Proton pump inhibitors affect the microbiome

Proton pump inhibitors (PPI) are used to reduce gastric acid production in individuals’ guts and are prescribed to treat ulcers, gastroesophogeal reflux disease (GERD), and other conditions associated with acid production. It is one of the most commonly used drugs in the world. We know (and have written about) that PPIs are associated with increased intestinal infections, specifically Clostridium difficile, and the gut microbiome plays an important role in infections of the intestine. A recent study looked at the influence that PPIs had on the gut microbiome.

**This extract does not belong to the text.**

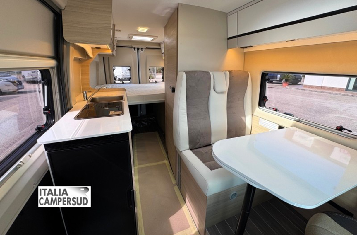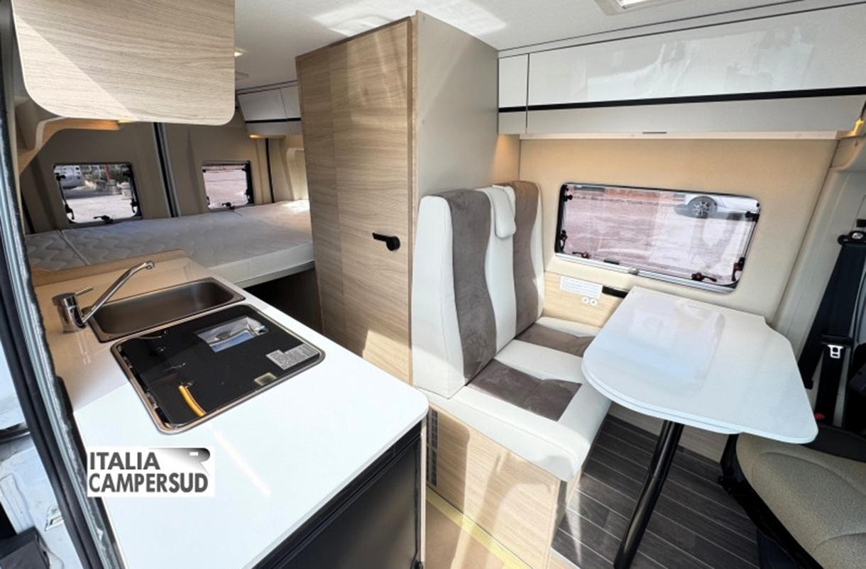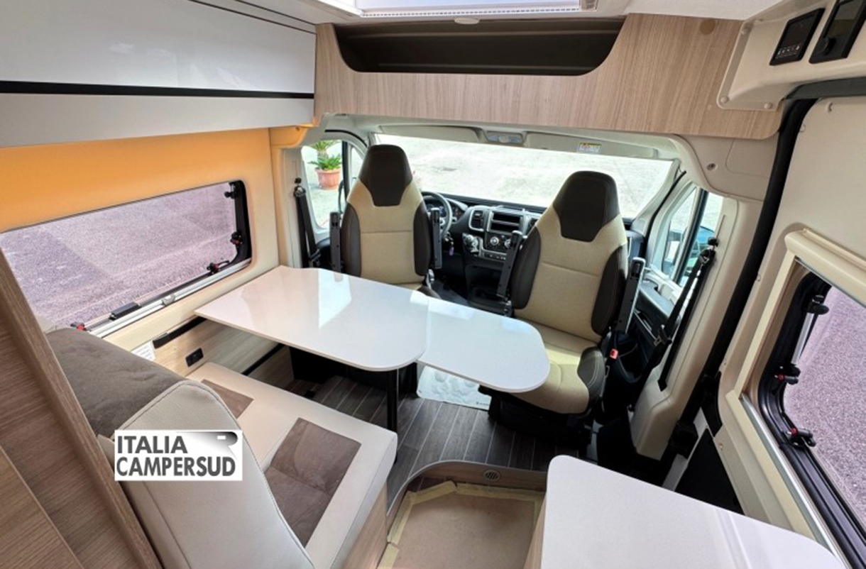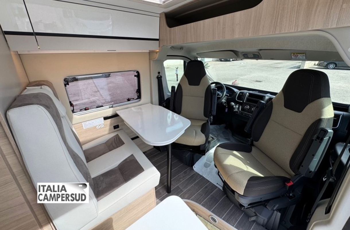 Nella parte anteriore è presente una zona living con dinette e tavolo a parete, arricchita dai sedili cabina girevoli che rendono l’ambiente più funzionale e accogliente.

The team of researchers studied the gut microbiome of 1815 individuals. They looked at PPI users vs non-users. Of those sampled, 215 of them were taking a PPI at the time that a sample was taken. It was found that those taking the PPIs had lower microbial diversity compared to those not taking PPIs. They also found that bacteria usually found in the mouth was over-represented in the fecal samples of those taking PPIs, including those in the Rothia genus. They also observed an increase in EnterococcusStreptococcus, Staphylococcus, and Escherichia coli, a potentially pathogenic bacterium.

PPI usage effects are more prominent than those of most other drugs, including antibiotics. The results of this study are consistent with a less healthy microbiome and allow us to better understand why PPIs may lead to an increase of susceptibility to intestinal infections like C. diff.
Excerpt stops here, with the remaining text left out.